Türkçe Felsefenin İmkânı Hakkında
Sinan Özbek
Yakın zamanda orta öğretimde Osmanlıca dersi konulması talebi, bir başka tartışmayı da getirdi. Osmanlıca öğrenmenin gerekli olduğu tezini güçlendirmek için, Türkçe dilinde felsefe yapılamayacağı ileri sürüldü. Osmanlıca derslerinin konulmasını, Türkçe’de felsefe yapılamayacağı savı ile tahkim etmek, entelektüel anlamda can evinden vuran bir iddia. İddianın tartışma yaratacağı açıktı ve tepkiler de muhtelif oldu. Bunları üç başlıkta toplamak mümkün:
Tez bir – Türkçede felsefe yapılamaz
Bu tezin yandaşları Türkçe’nin kavram dağarının felsefe yapmak için yetersiz olduğunu ileri sürüyor, Türkçe’nin bir felsefe dili olarak fakir olduğunu vurguluyor. Osmanlıca birtakım kavramların kullanılmaktan imtina edilmesinin, bu kavramların unutulmasının dildeki fakirleşmeyi daha da arttırdığını ekliyorlar. Bu sorunu aşmak için girişilen yeni kavramlar üretme çabasının da kifayetsiz kaldığını hatırlatıyorlar. Bu “öz Türkçe” denilen dille yapılan çevirilerin anlaşılmazlığını, yer yer de komikliğe varan hâlini, tezlerini güçlendirmek için kullanıyorlar.
Tez iki – Türkçede felsefe yapılır
Bu yaklaşımı savunan felsefeciler, kanıt olarak yapmakta oldukları işi gösteriyor. Tartışmaya bir itirazın ötesine geçen argümanlar sunmuyor ya da sunamıyorlar.
Tez üç – Türkçede felsefe yapılamayacağı kısmen doğrudur
Tartışmaya benim de düşüncem olan bu tez üzerinden devam edeyim. Murat Belge bu tartışmaya ilişkin düşüncelerini gazetedeki köşesinden iki yazıyla anlatıyor. Osmanlıca’da kullanılan birtakım kavramların yerine öz Türkçe çabasıyla icat edilenlerin, dilde bir fakirleşmeye yol açtığını söylüyor. Örnekler de veriyor: “yeis, keder, gam, kasvet, hüzün, ıstırap, elem, dert…” hiçbiri Türkçe olmayan bu kelimelerin nüanslarına dikkat çekiyor. Bunların dışarıda tutulduğu dille, bırakın felsefeyi, şiir bile yazılamayacağını ekliyor.
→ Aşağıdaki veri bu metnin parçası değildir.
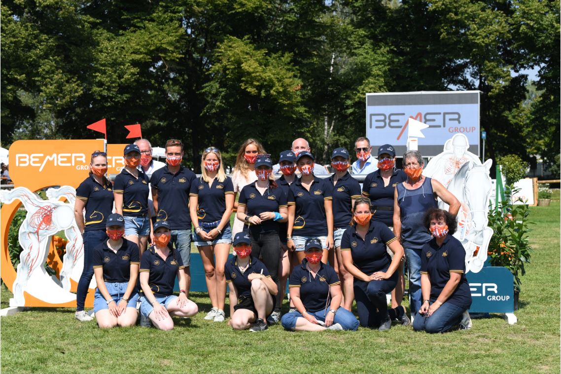 Foto: Ursula Puschak: Besonderer Dank gilt allen Sponsoren und ehrenamtlichen Helfern, die über die Turniertage vollen Einsatz gezeigt haben. Team der Hippo GmbH mit Hansi Blum vor Sponsorensprung der BEMER Int. AG.

Belge, Batı dillerinden çevrilmek zorunda kalınan felsefe kavramlarını da konu ediyor. Kavram yaratma çabasının nasıl da yetersiz kaldığını gösteriyor. Örneği çarpıcı: “Context” kavramının önce “siyak ve sibak”, sonra da “ön ve art tutarlılığı” şeklinde karşılandığını yazıyor. İkisi de bir şey ifade etmiyor ve tutmuyor. Sonra İstanbul Üniversitesi Felsefe Bölümü’nden hocaların önerdikleri “bağlam” kavramının yerleştiğini yazıyor. Belge, Osmanlıca dersi vererek bu sorunun aşılacağını düşünmenin de yetersiz olduğunu söylüyor. Bu düşüncesini de Osmanlıca’da da felsefe yapılamadığını belirterek sağlamlaştırıyor. Belge, böylece iki tespit ileri sürüyor: 1) Osmanlıca’da kullanılan kavramlardan arındırılmış dil yoksunlaşmıştır; 2) Batılı felsefe kavramlarını Türkçeleştirme çabaları soruna çözüm olmamıştır.
Anlaşılmazlık tılsımı
Bu iki yönelime ben bir başkasını da ekliyorum: Özellikle önceki kuşaklardan bazı felsefeciler, Batı dillerindeki, kimi zaman da Latince gibi ölü dillerdeki felsefe kavramlarını olduğu gibi aktarıyor. Bu tutumu benimseyen felsefeciler, eski Grekçe’nin kavramlarını da olduğu gibi kitaplarında, makalelerinde kullanıyor. Felsefe yaparken taşıyıcı, temel kavramları orijinal dilleriyle kullanmak, yazılanların sadece dar bir çevre tarafından anlaşılmasını kabul etmek anlamına geliyor. Çok dar bir çevre tarafından anlaşılacak şekilde yazmak, bir felsefe anlayışını da zımnen ifade ediyor. Bu tarzda yazmak, söylenenlere anlaşılmazlık tılsımı serpmeyi getiriyor, bilgiçlik taslamaya dönüşüyor. Bu tutumla felsefe tuhaf bir elit etkinlik olarak görülüyor ya da daha sert ama yerinde ifadeyle snoplaşıyor. Bu şekilde yazanlara bir borcumuz da duyduğu her yabancı kelimeyi kullanmayı marifet sanan amatör felsefeciler yetişmesine sebep olmaları. Snop bir felsefe tutumu, felsefenin gelişmesine, felsefeden beklenen etkiyi oluşturmasına engel olan etkenlerden biri oluyor.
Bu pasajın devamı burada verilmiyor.